We are going to MAD about waste. Pure and simple…we are going to look at a shameful amount of waste we have every power to control. Controlling it affects gasoline prices, the environment and clutter. Can you Make A Difference?

How long has it been since you were asked Paper or plastic? Depending on where you live you may have been offered a choice of the


bags made this year. Do you think that number is paper or plastic? Would it be easier to choose if I gave you the other number?


More than 7 billion paper bags will be made and used this year.


Inedible Pollutants

Only twenty-one percent of them will be recycled. That leaves 5.53 billion to find their way into landfills. That is nearly 350,000 tons (315 metric tonnes) of garbage. 48% of all landfill waste is paper.

Manufacturing paper bags produces more air and water pollution than producing plastic bags. Recycling the bags only saves at the most 20% of the water pollution from manufacturing them from scratch.

Do you want to guess how many trees it takes to make that many bags? Paper bags cannot be closed cycle recycled and cannot use other recycled paper products (like copy paper, fiberboard or cardboard) to make new bags.

More than 400 billion plastic bags will be used this year in the United States alone. Is the number of those recycled higher or lower?


Almost 380 billion plastic bags are headed for landfills. More than 15 million of them will find their way to the waterways and out to the ocean.  Fewer than 1% of all retailers offer to recycle bags.

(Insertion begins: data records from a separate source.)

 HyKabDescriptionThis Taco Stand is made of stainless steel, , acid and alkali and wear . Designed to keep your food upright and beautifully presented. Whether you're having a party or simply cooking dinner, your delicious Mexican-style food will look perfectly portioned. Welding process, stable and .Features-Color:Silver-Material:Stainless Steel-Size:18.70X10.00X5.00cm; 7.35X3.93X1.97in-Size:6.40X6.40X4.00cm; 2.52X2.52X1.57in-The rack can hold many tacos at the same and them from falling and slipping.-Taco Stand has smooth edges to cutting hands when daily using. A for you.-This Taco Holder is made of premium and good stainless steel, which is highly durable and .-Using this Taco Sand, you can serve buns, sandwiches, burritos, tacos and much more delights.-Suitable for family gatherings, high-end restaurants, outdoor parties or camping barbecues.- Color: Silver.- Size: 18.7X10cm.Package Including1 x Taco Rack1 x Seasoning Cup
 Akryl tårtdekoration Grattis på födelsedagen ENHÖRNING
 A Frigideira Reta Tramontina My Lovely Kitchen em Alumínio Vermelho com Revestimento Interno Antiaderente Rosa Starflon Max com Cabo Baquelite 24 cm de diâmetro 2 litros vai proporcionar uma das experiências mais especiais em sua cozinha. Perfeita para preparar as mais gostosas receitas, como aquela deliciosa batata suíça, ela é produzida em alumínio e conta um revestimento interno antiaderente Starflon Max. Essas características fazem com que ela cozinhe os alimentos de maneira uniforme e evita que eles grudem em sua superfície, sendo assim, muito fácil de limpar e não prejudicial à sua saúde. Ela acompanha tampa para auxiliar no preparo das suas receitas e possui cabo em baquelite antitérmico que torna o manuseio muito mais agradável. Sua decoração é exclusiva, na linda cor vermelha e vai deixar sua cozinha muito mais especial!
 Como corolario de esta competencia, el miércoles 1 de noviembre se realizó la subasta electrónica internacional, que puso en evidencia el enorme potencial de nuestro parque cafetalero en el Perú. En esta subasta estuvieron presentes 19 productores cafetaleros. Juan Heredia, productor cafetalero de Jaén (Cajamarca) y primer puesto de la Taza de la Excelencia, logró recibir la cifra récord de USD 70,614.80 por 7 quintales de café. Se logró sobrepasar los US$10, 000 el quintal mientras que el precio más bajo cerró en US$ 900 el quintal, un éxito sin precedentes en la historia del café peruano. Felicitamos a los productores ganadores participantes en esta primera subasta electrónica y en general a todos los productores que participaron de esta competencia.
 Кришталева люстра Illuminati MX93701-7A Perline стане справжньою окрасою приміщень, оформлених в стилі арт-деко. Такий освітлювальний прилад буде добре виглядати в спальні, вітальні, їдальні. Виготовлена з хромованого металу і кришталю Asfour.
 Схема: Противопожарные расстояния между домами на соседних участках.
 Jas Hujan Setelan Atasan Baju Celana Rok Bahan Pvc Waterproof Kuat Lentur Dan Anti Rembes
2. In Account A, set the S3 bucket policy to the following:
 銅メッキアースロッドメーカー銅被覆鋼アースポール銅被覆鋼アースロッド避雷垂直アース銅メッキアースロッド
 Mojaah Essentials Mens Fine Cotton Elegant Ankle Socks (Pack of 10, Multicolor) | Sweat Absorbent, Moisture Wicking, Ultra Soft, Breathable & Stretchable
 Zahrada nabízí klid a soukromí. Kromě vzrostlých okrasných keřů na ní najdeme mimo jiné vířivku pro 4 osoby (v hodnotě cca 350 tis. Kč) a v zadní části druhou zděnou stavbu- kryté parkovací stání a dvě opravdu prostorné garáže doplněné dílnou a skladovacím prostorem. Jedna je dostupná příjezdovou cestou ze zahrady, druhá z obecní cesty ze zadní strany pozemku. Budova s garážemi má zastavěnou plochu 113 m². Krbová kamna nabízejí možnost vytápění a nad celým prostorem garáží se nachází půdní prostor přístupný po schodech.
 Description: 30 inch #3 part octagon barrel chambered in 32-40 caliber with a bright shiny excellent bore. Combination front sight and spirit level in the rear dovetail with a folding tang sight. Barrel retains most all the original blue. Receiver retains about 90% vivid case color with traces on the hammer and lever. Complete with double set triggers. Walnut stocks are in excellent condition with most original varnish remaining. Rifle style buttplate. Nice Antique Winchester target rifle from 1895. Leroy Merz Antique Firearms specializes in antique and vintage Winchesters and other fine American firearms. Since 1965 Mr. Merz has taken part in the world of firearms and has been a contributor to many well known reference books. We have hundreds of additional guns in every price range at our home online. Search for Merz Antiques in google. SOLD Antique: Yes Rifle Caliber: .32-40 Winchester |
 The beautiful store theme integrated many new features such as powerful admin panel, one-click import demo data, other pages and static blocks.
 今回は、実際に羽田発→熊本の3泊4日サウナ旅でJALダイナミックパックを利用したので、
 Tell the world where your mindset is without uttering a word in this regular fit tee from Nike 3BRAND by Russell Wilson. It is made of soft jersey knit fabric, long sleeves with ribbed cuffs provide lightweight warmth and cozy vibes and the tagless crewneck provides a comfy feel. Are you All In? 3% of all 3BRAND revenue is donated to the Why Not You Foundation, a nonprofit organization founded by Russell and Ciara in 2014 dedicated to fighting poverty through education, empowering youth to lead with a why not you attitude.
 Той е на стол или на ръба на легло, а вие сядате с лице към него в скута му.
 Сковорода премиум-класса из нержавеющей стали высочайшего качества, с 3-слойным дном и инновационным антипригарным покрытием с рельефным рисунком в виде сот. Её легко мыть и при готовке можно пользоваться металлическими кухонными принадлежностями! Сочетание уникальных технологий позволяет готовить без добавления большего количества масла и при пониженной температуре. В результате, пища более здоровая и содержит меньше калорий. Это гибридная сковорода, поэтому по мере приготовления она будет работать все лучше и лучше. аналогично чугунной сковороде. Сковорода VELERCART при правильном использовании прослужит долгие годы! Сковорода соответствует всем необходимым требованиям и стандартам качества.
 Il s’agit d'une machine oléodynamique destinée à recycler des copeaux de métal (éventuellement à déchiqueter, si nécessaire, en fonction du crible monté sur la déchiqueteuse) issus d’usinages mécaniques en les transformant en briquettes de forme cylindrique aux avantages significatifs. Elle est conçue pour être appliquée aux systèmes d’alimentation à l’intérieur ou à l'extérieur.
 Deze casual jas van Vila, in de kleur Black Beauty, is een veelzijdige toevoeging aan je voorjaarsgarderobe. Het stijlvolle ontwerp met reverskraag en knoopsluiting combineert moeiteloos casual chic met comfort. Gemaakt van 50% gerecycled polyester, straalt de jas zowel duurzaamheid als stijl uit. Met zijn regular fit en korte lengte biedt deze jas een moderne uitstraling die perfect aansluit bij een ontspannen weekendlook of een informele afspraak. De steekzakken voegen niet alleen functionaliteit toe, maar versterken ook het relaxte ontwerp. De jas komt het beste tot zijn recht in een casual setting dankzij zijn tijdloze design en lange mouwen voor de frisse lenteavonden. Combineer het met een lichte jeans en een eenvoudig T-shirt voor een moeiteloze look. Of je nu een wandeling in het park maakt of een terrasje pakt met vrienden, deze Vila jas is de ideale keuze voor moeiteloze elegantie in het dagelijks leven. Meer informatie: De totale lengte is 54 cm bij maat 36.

High density plastic, used to make shopping bags, is persistent in the environment for an estimated 1,000 years. Needless to say, science is always modest with estimates when it is not certain how long things will really last.

San Fransisco

San Fran was the first American city to ban the use of plastic shopping bags. They made a 100 million bag dent in the consumption every year.

The average family accumulates 15 bags per trip to the store. Fifteen. Families are not getting fifteen bags worth of merchandise. There is the customary double bagging of certain items and the bags with only one or two things in them.


As much as 8% of a store’s expenses for supplies is spent on bags. Stores which use stock bags, like the ones with the Thank you! logo on them, spend a bit less (3-8¢ per bag), but the ones who have their bags custom made in non-white with their own logo can spend as much as 60% of their supply costs on bags (5-21¢ per bag).

You pay for this in high costs for your merchandise. Do the math: 15 bags at 13¢ means each trip costs the retailer $1.95. Are the bags really free? Cutting the overhead is saving money because it slows the rise of prices.

More retailers are paying customers to use their own bags. Some big box stores are giving customers 5¢ per bag to skip the plastic. Within one year, the bag pays for itself. Since the bags will last a few years, they will finance their replacements and start putting money into your pocket.

Make A Difference

You can make a difference in this atrocious situation which will save you money in the end.

1. Use a canvas bag.

If you do not have canvas bags or small duffel bags, purchase several bags from a retailer. Where available, purchase bags made from recycled content. Since the average trip to the store means fifteen plastic bags, buy at least one to three bags per trip until you have about a dozen. Use them on the trip you buy them.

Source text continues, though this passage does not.